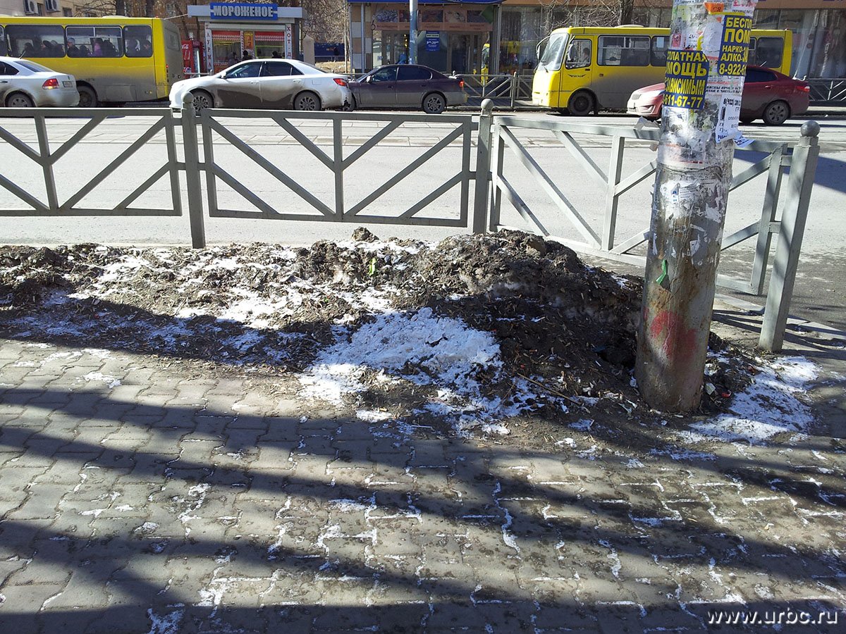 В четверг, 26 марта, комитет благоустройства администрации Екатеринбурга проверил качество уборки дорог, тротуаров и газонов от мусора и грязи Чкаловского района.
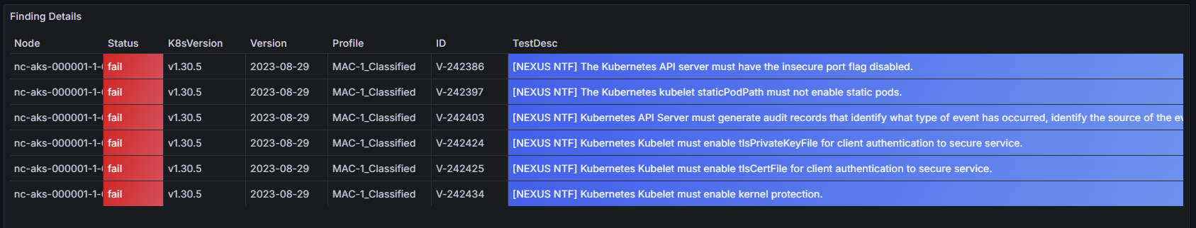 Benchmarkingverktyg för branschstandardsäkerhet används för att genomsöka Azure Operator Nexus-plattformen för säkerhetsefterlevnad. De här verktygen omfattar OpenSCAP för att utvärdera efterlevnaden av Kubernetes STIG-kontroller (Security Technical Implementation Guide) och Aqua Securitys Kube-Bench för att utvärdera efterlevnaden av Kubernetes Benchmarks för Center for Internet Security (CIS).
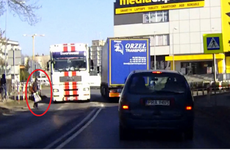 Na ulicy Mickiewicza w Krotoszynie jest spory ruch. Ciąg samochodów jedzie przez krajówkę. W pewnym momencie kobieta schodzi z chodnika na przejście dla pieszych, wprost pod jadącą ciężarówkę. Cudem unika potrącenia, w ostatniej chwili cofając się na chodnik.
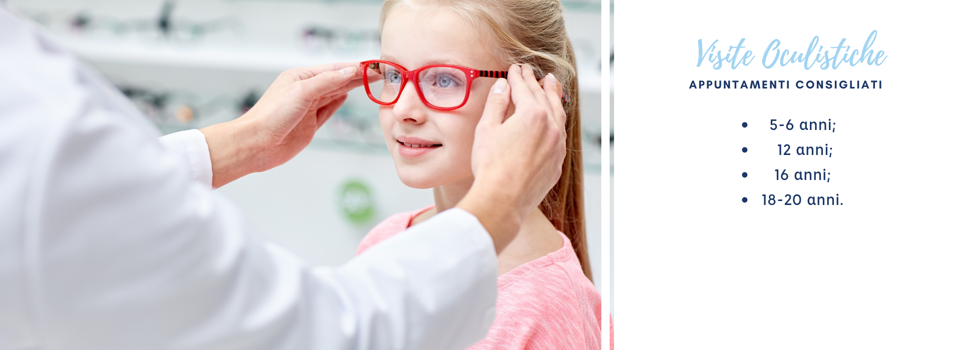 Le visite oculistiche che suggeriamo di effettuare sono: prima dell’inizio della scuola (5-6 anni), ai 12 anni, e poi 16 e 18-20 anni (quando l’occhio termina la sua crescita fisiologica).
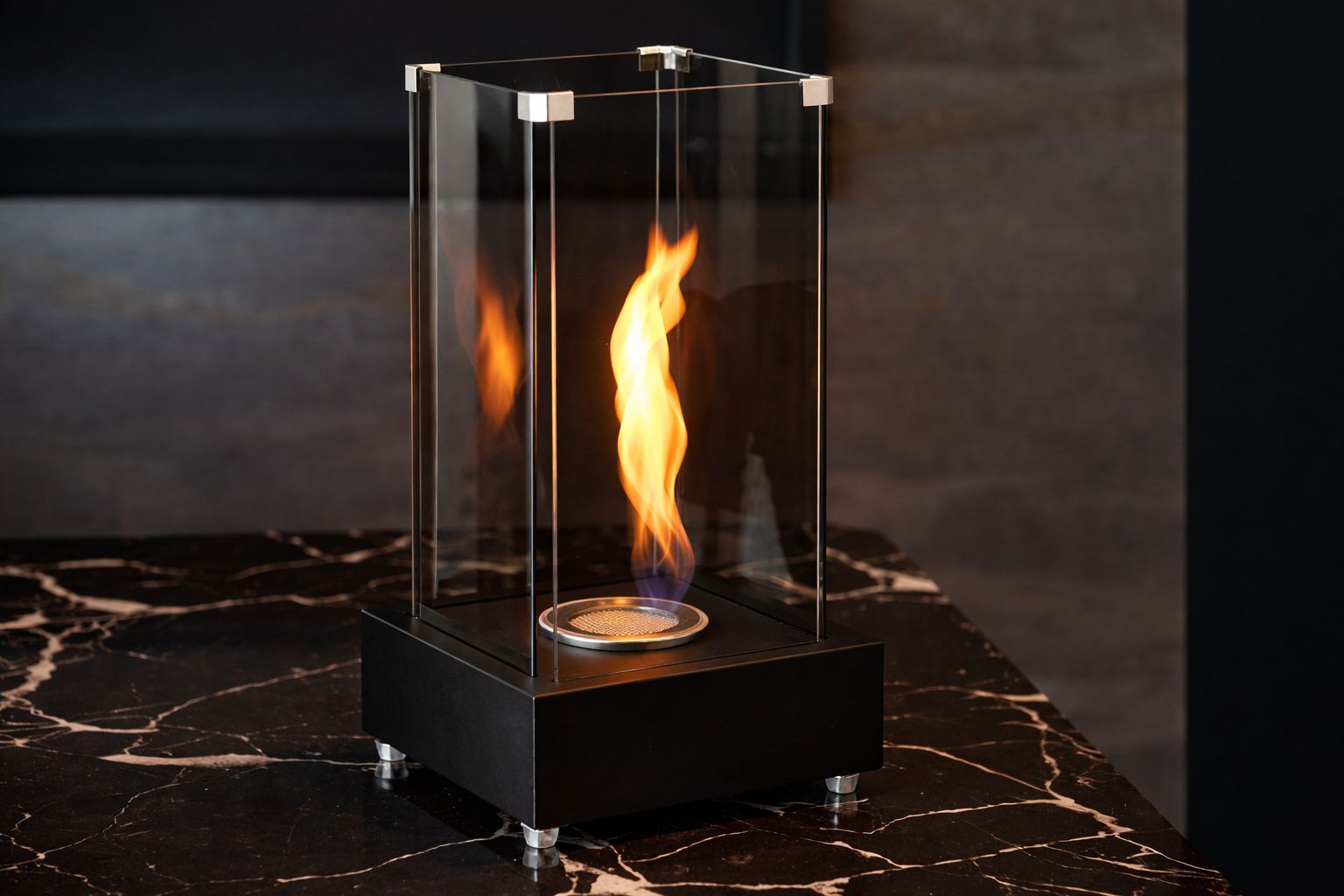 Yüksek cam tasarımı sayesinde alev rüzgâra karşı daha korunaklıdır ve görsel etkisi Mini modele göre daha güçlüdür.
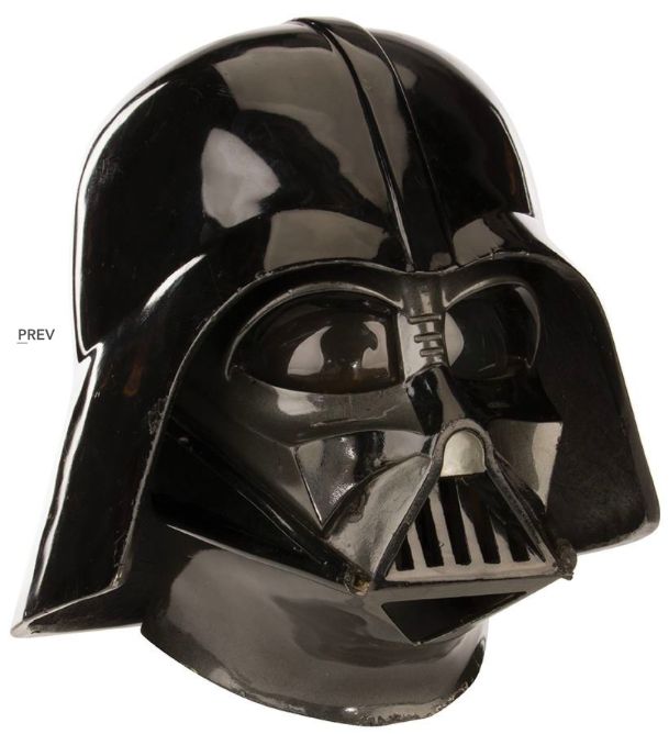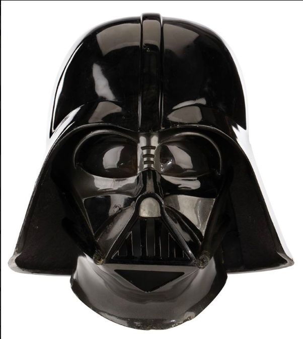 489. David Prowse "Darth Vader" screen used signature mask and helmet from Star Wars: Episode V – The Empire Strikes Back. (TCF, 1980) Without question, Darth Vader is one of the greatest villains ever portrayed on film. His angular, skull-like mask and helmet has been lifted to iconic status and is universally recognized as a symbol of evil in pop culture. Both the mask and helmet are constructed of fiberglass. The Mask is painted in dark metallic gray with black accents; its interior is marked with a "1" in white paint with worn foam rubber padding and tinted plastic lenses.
○ ○ ○ ○ ○ ○ ○
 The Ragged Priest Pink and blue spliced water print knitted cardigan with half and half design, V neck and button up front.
○ ○ ○ ○ ○ ○ ○
**What is being asked:** Using the entries above, reproduce word for word only the lines from the one that contains "В четверг, 26" to the one that contains "Le visite oculistiche", both ends included, and drop every picture.

**Written solution:**
 В четверг, 26 марта, комитет благоустройства администрации Екатеринбурга проверил качество уборки дорог, тротуаров и газонов от мусора и грязи Чкаловского района.
 Benchmarkingverktyg för branschstandardsäkerhet används för att genomsöka Azure Operator Nexus-plattformen för säkerhetsefterlevnad. De här verktygen omfattar OpenSCAP för att utvärdera efterlevnaden av Kubernetes STIG-kontroller (Security Technical Implementation Guide) och Aqua Securitys Kube-Bench för att utvärdera efterlevnaden av Kubernetes Benchmarks för Center for Internet Security (CIS).
 Na ulicy Mickiewicza w Krotoszynie jest spory ruch. Ciąg samochodów jedzie przez krajówkę. W pewnym momencie kobieta schodzi z chodnika na przejście dla pieszych, wprost pod jadącą ciężarówkę. Cudem unika potrącenia, w ostatniej chwili cofając się na chodnik.
 Le visite oculistiche che suggeriamo di effettuare sono: prima dell’inizio della scuola (5-6 anni), ai 12 anni, e poi 16 e 18-20 anni (quando l’occhio termina la sua crescita fisiologica).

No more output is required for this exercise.